Scheues Wesen

Aus DER RABE RALF April/Mai 2018, Seite 5

Die Wildkatze ist Wildtier des Jahres

Ursprünglich wanderte die Europäische Wildkatze, um die es hier geht, nach der letzten Eiszeit in Europa ein und besiedelte weite Räume des Festlandes und heutiger Inseln. Vor mehr als 100 Jahren durch den Menschen fast ausgerottet, kehrt die Wildkatze nun zurück in ihre einstigen Verbreitungsgebiete. Heute gibt es sie wieder in Schottland, in großen Teilen Spaniens und Portugals, in einigen französischen und deutschen Mittelgebirgen (darunter Eiffel, Pfälzer Wald und Harz), im Karpatenbogen, in den Balkangebirgen und in den Apenninen. Auch auf Korsika, Sardinien, Kreta und Sizilien gibt es Vorkommen. Viele Siedlungsgebiete der Wildkatze sind heute leider nicht miteinander verbunden. Die deutsche Population wird momentan auf rund 6.000 Individuen geschätzt.

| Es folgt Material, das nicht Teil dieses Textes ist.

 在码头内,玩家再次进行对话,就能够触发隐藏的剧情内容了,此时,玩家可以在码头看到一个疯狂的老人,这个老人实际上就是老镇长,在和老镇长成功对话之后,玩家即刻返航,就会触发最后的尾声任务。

Als Art kommt die Wildkatze auch außerhalb Europas vor. Über Kleinasien erstreckt sich ihr Verbreitungsgebiet bis nach Zentralasien und Westindien. Darüber hinaus bewohnt sie große Teile Afrikas. In jedem der genannten Verbreitungsgebiete bildet die Wildkatze einen eigenen Morphotyp aus, also eine äußerlich unterscheidbare Form oder Unterart. Die Graukatze vom Ostrand des tibetischen Hochlands wird als eigene Unterart angesehen. Als wahrscheinlicher Vorfahr aller Hauskatzen gilt die afrikanische Wildkatze, auch Falbkatze genannt.

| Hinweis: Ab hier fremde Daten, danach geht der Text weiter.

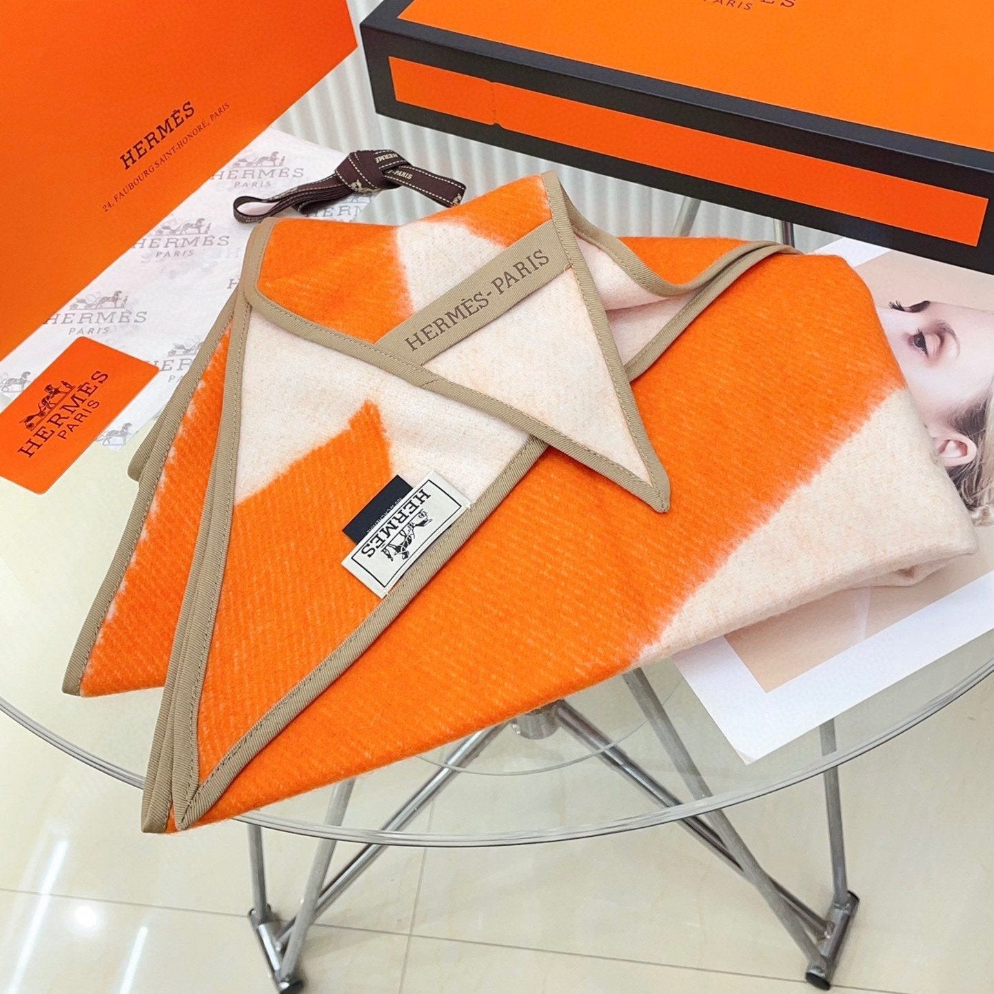 Diamond Shaped Scarf 186 CM In Orange Mix White Cashmere 373671

Europäische Wildkatze im Wisentgehege Springe. (Foto: Michael Gäbler CC-BY 3.0)

Einzelgänger mit Aalstrich

Die Europäische Wildkatze oder Waldkatze (Felis silvestris silvestris) lebt vor allem in strukturreichen Laub- und Mischwäldern mit Lichtungen und Waldwiesen. Von dort wandern die Tiere entlang versteckreicher Hecken, Wegränder und Ufer von Fließgewässern nicht selten bis in die offene Kulturlandschaft, um Brachen und Grünlandflächen als ergiebige Jagdreviere aufzusuchen. Entscheidend für die Nutzung offener und halboffener artenreicher Lebensräume ist ein ausreichendes Angebot Deckung bietender Strukturen.

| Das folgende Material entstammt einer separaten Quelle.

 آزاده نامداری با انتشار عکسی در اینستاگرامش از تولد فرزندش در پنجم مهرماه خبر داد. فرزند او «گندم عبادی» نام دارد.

Die sehr raren Beobachtungsmöglichkeiten führen dazu, dass die Größenangaben für das Tier je nach Quelle und abgesehen von in Zoos gehaltenen Exemplaren teilweise sehr subjektiv ausfallen. Das Spektrum reicht von „kaum größer als Hauskatzen“ bis „deutlich größer und schwerer als Hauskatzen“. Immerhin wurden bei gefangenen oder im Straßenverkehr zu Tode gekommenen Tieren schon Körperlängen von bis zu 120 Zentimetern (bei Schwanzlängen zwischen 26 und 35 Zentimetern) und ein Gewicht von bis zu acht Kilogramm festgestellt – Maße, die eher in die zweite Kategorie fallen. Generell wird die Wildkatze als kräftiger oder stämmiger im Vergleich zur Hauskatze beschrieben.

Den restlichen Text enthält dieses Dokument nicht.